Etceteras
- Lucas Liberato
- 25 de mai.
- 4 min de leitura
Escrito ao som dessa playlist.
Hoje, quando acordei, senti o travesseiro frio junto ao meu rosto.
No quarto em penumbra, um perfume suave de conforto. O som do ventilador de teto, acordo com o pensamento limpo como o papel diante do poema.
Coloquei minha mesa de costas para a janela. A luz me abraça suave — mais intensa pela manhã, mais delicada à tarde. O Sol tem essa fortuna de fazer as coisas parecerem cheias de boas notícias, não tem?
Imagino que continuar, apesar de tudo, é mesmo necessário. E essa continuidade é uma escolha que insiste em se refazer, dia após dia.
Domingo é o dia oficial do “me deixa ser feia!”, e eu abraço meu direito de estar um bagaço.
Tenho andado em alta velocidade.

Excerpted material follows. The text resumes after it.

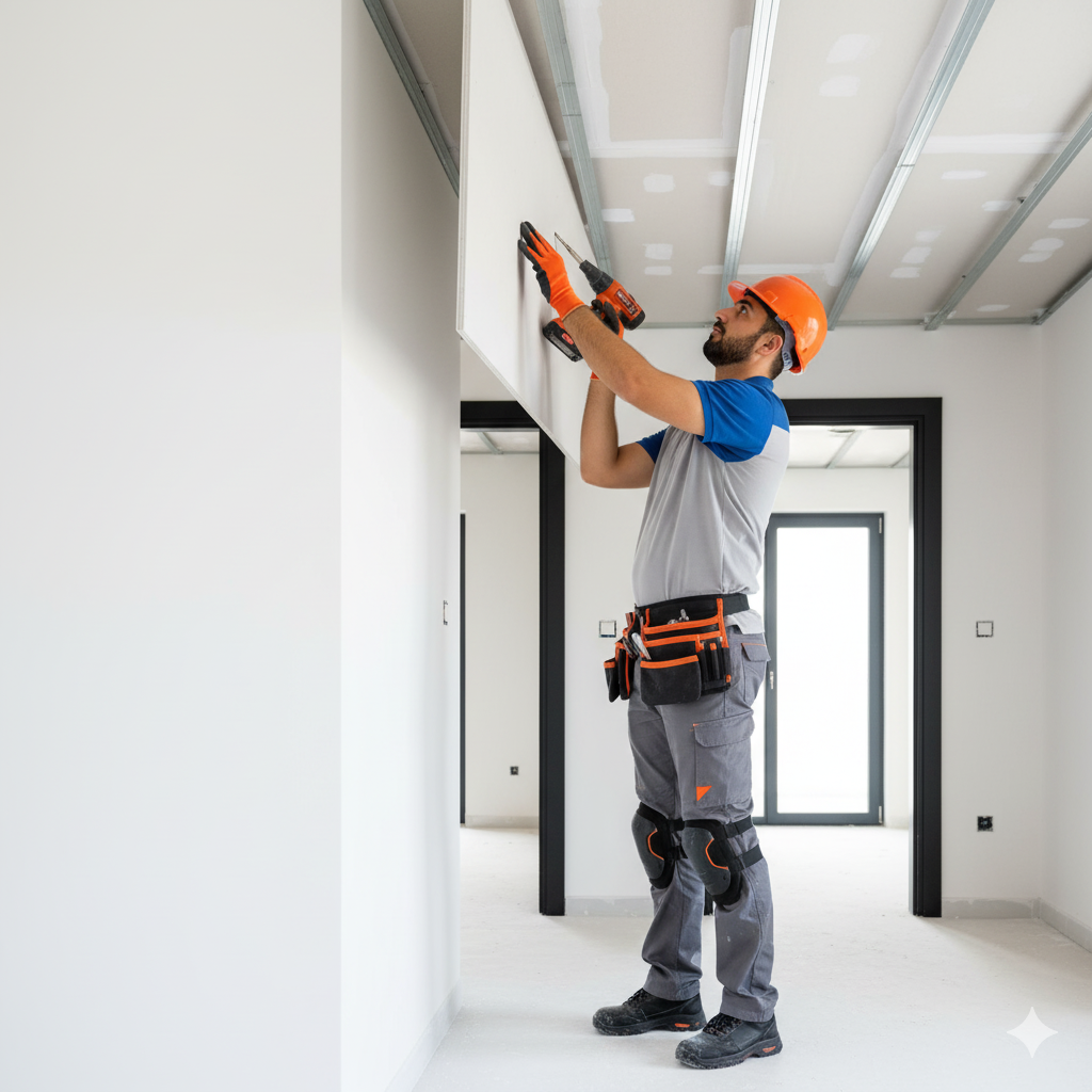 Seamless partitions and ceilings with straight joints. We frame, board, tape, and sand to a paint-ready finish—fast, tidy, and reliable.

Tanta coisa acontecendo, que por vezes perco o senso de direção.
Percebo que a vida não tem quinas. Ela persevera nas beiradas das coisas, é importante não deixar que se façam poças de vida parada.
Por que é que eu venho aqui falar contigo? Porque domingo dá um negócio, né?
Tem outro lugar, outro domingo da sua história, em que o Sol também estava assim — iluminando uma outra versão de você, quando as coisas eram muito diferentes?
Aprendi uma forma de ser eu mesmo que é mais gentil comigo — e mais honesta com o que proponho ser.
Tento, da forma mais sincera que conheço, comparecer à minha própria vida.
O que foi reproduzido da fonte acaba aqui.